Moreover, while Trump (falsely) asserts that Iran’s government is divided and incoherent, this afternoon’s news reports on a revolt of “war hawk” Republicans against any concessions short of an Iranian “surrender.” A similar problem concerns Iran’s demand that a “ceasefire” means an end to Israel’s invasion and bombardment of Lebanon. By refusing to comply with even a US demand that the war on Lebanon be stopped, Israel is in a position to keep the war going indefinitely, which is clearly its goal.

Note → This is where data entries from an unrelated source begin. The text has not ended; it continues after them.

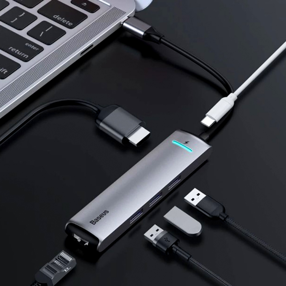 USB Хаб Baseus Mechanical eye - компактное устройство, которое поможет расширить функциональные возможности ноутбуков или настольных компьютеров, оснащенных современным интерфейсом Type-C.
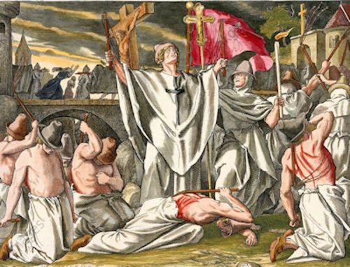 Some Christians have made a great show of self-abuse. The Flagellants were a famous Catholic group that in the 13th century began marching around Europe, staging processions that included whipping themselves. The Pope banned the movement in 1261, and later popes cracked down on them as heretics. In the early 15th century, the Spanish Inquisition burned many Flagellants at the stake.
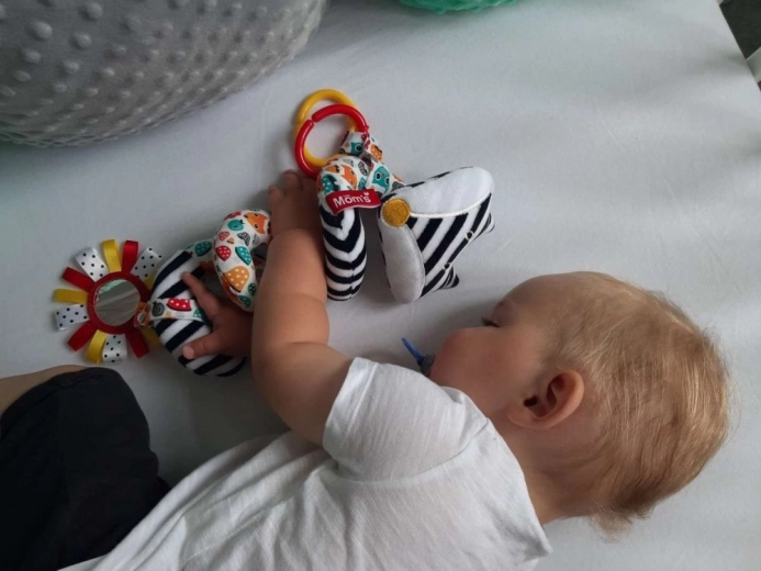 Zwart-wit patronen trekken de aandacht van pasgeborenen en ondersteunen de juiste ontwikkeling van de visuele perceptie vanaf 0+ maanden.
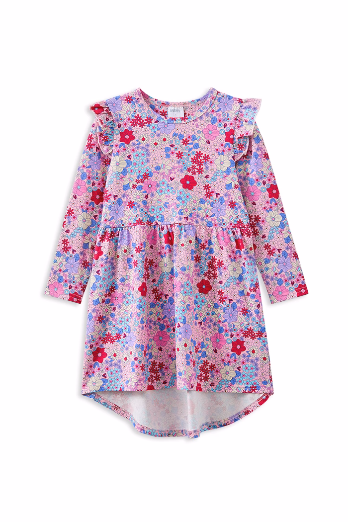 Milky Clothing Lilac Bloom Hi-Lo Dress. With an all over print this sweet dress is made with style and comfort in mind. Shoulder frills and a floaty hi-lo hemline, choose to layer with tights or go without for trans-seasonal dressing.
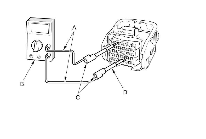 - To prevent damage to the connector terminals, do not insert test equipment probes, paper clips, or other substitutes as they can damage the terminals. Damaged terminals cause a poor connection and an incorrect measurement.
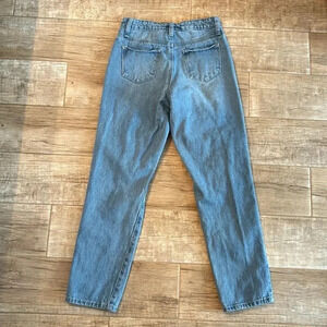 These BP light blue mom jeans have a distressed look with holes, a 24” waist and 26" inseam.
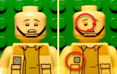 | The Antilles figure from set 75387 (on the left) has a larger rank patch than the previous versions (on the right). Also the lines round the eyes differ from the previous version. | |
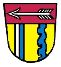 Unter rotem Schildhaupt, darin ein waagrechter silberner Pfeil, in Gold rechts ein von Silber und Blau gespaltener Pfahl, links ein blauer Wellenpfahl.
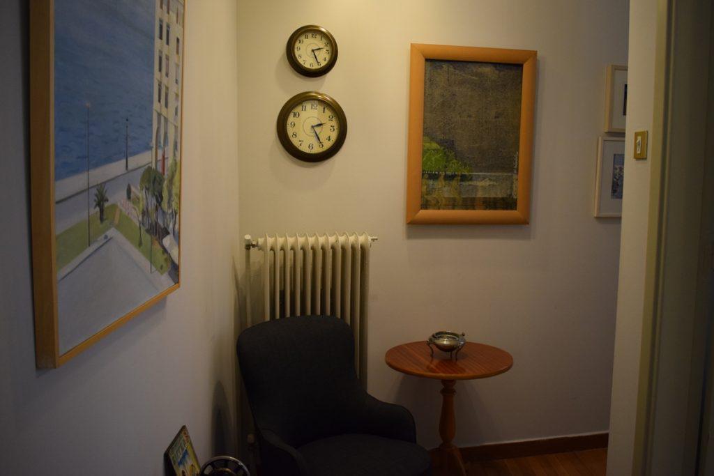 Πρόκειται για το διαμέρισμα στον τελευταίο όροφο πάνω από το Ολύμπιον, που διατηρεί την αρχική του διαρρύθμιση κι επίπλωση και λειτουργεί πλέον ως δικηγορικό γραφείο.
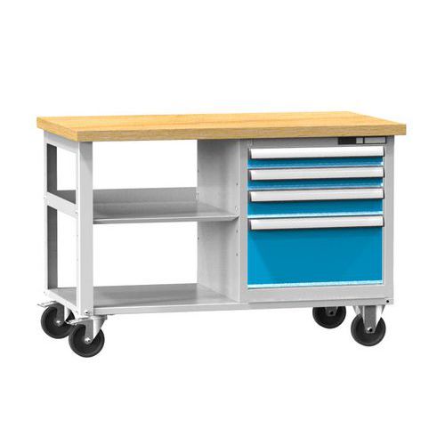 Mobil műhelyasztalok PPS Multiplex, 81 x 120 x 70 cm, 4 fiók és 2 polc, bükk
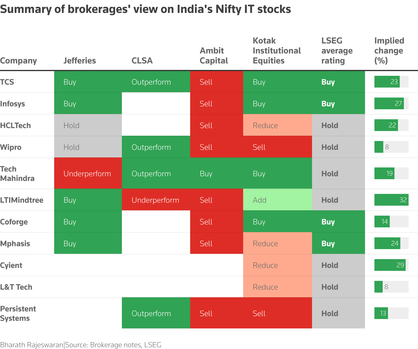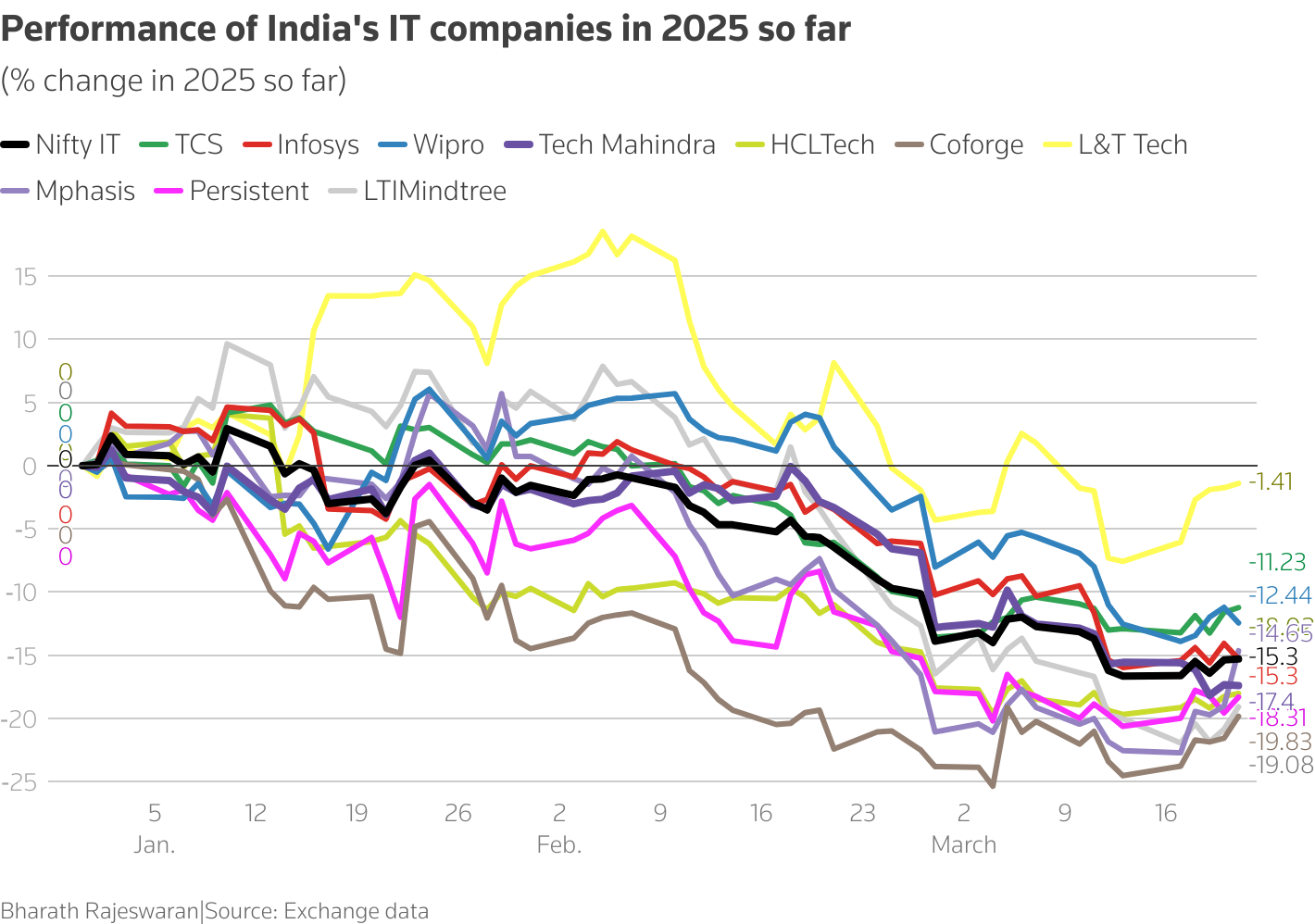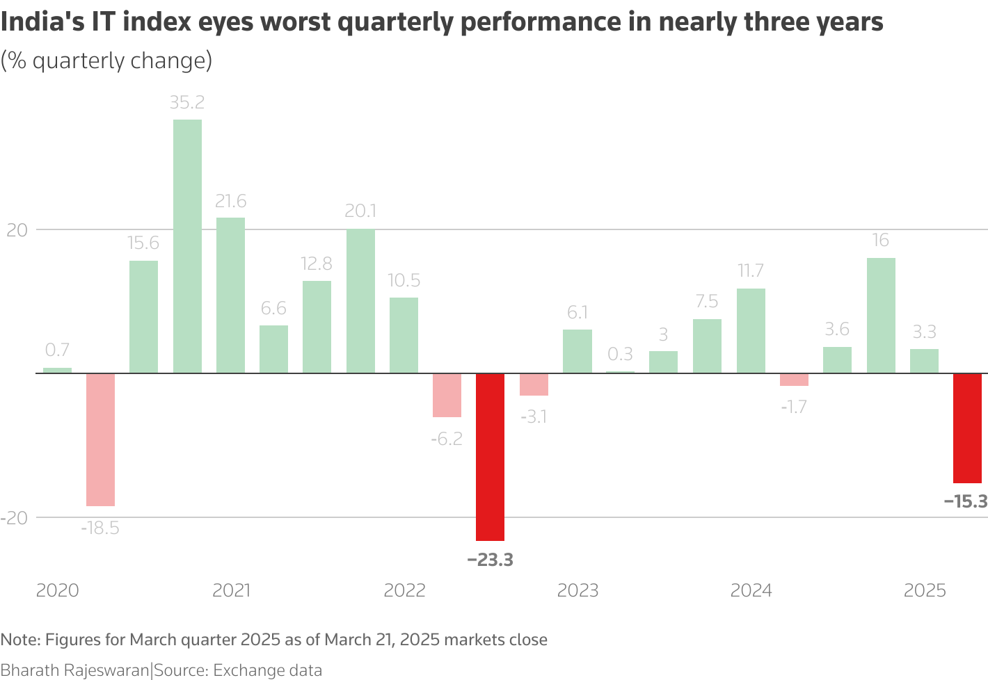 印度的IT指数今年迄今下跌了15.3%,并且有望迎来自2022年6月以来最糟糕的季度。顶尖公司如TCS (TCS.NS)、Wipro (WIPR.NS)、Infosys (INFY.NS) 和HCLTech (HCLT.NS) 今年损失在11.2%到18.1%之间。
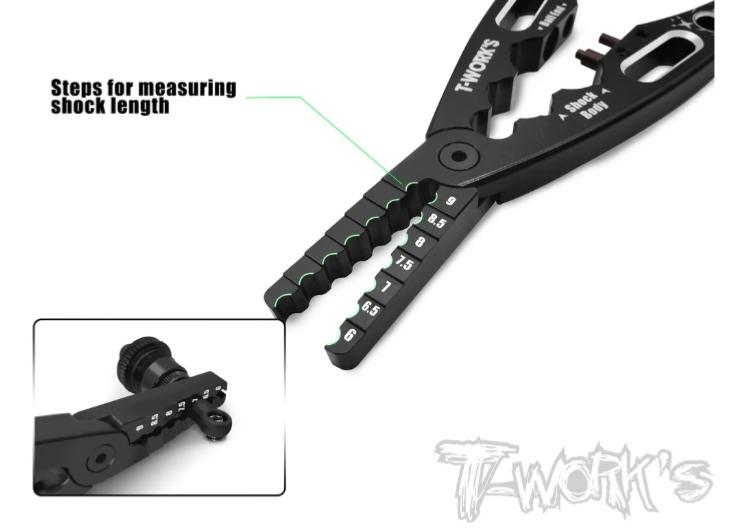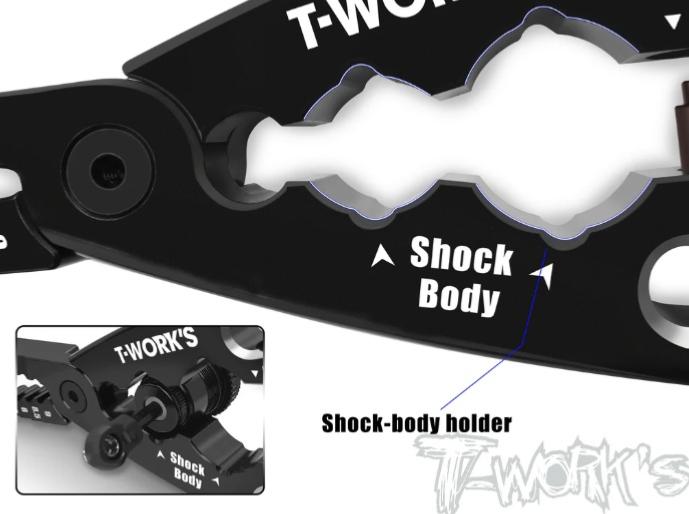 *Pince pour axe d'amortisseur : Équipée de pinces réglables de 6 à 9 mm de largeur. Insérez simplement l'axe de l'amortisseur pour ajuster facilement sa largeur.
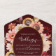 Burgundy Moody Fall Floral Gold QR RSVP Wedding All In One Invitation
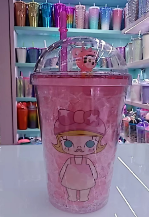 Copo de gelo princesa + impressão conforme mostrado + canudo correspondente à cor
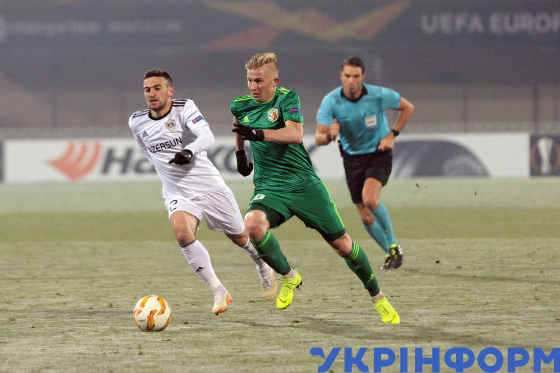 Ігровий момент матчу 4-го туру групового етапу Ліги Європи УЄФА між ФК “Ворскла” (Полтава) і ФК “Карабах” (Агдам, Азербайджан), що завершився з рахунком 0:1 на користь азербайджанської команди, на стадіоні “Ворскла” імені Олексія Бутовського, Полтава, 8 листопада 2018 року.
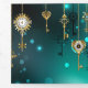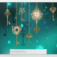 Gold, antique keys with gears and dials hang on gold chains on luminous green background.
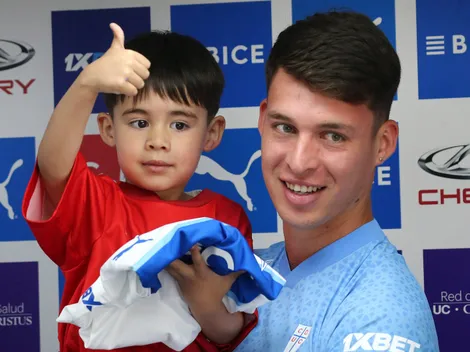 Alfred Canales vivió un emotivo y jocoso momento como nuevo jugador de Universidad Católica. Su hijo Santino se robó las miradas en San Carlos de Apoquindo.
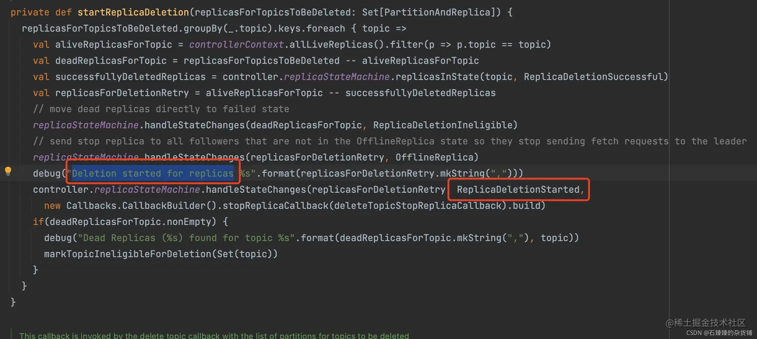 当前还未开始对该Topic进题删除; 判定条件是没有副本处于开始删除的状态「ReplicaDeletionStarted」(当然如果delete.topic.enable=false这条肯定满足)

At the end of the day, the pressure from US allies threatened with economic chaos and an American people strongly opposed the war has painted Trump into a corner from which he cannot escape by simply restarting the war. Some of the essays linked below examine Trump’s dilemma and the possibility that he will decide to cut his losses and end the war on terms that can only be described as a defeat for his initial aspirations. But, alas, who can predict what this seriously disturbed autocrat will do?
COMMENTS ON “WAR OR PEACE WITH IRAN?”
Warmongers in Meltdown as Trump Heralds Iran Deal
By Trita Parsi, Substack [May 23, 2026]
---- If this arrangement is merely a Memorandum of Understanding, where do the principal vulnerabilities lie as negotiations enter a second phase? Moreover, can Trump successfully sell the deal at home? What steps can — and likely will — Israel take to sabotage the agreement? And if a final deal is secured, how profound would Israel’s strategic defeat be? Let me try to address these questions one by one. First of all, the full details remain unclear. But according to reporting by Amwaj.media —much of which I have independently corroborated — the agreement entails a comprehensive cessation of hostilities, including in Lebanon; the gradual release of Iran’s frozen assets; and an end to America’s “blockade of the blockade” in the Strait of Hormuz. Maritime traffic through the Strait would resume under joint Iranian and Omani oversight. Once these measures take effect, the parties would have an additional 30 days to negotiate a final agreement. That second-stage accord is expected to address both the nuclear issue and the long-term status of the Strait. Significant progress, however, already appears to have been made on the nuclear file, and, as I understand it, broad principles for its resolution have largely been agreed upon. … Judging by the public panic now emanating from Washington’s war hawks and pro-Israel circles, however, the next 30 days are likely to be politically brutal for Trump. FDD is already openly attacking him. AIPAC is amplifying lawmakers denouncing the agreement. An adviser to the former Crown Prince of Iran has accused Trump of “total surrender.” Many of the same allies who enthusiastically applauded Trump’s decision to initiate the war are now turning on him for choosing diplomacy over permanent escalation. … There should be little doubt, however, that if a final agreement is reached — and any lasting agreement will almost certainly require substantial, if not total, sanctions relief for Iran — it would constitute a devastating strategic defeat for Tel Aviv. [Read More]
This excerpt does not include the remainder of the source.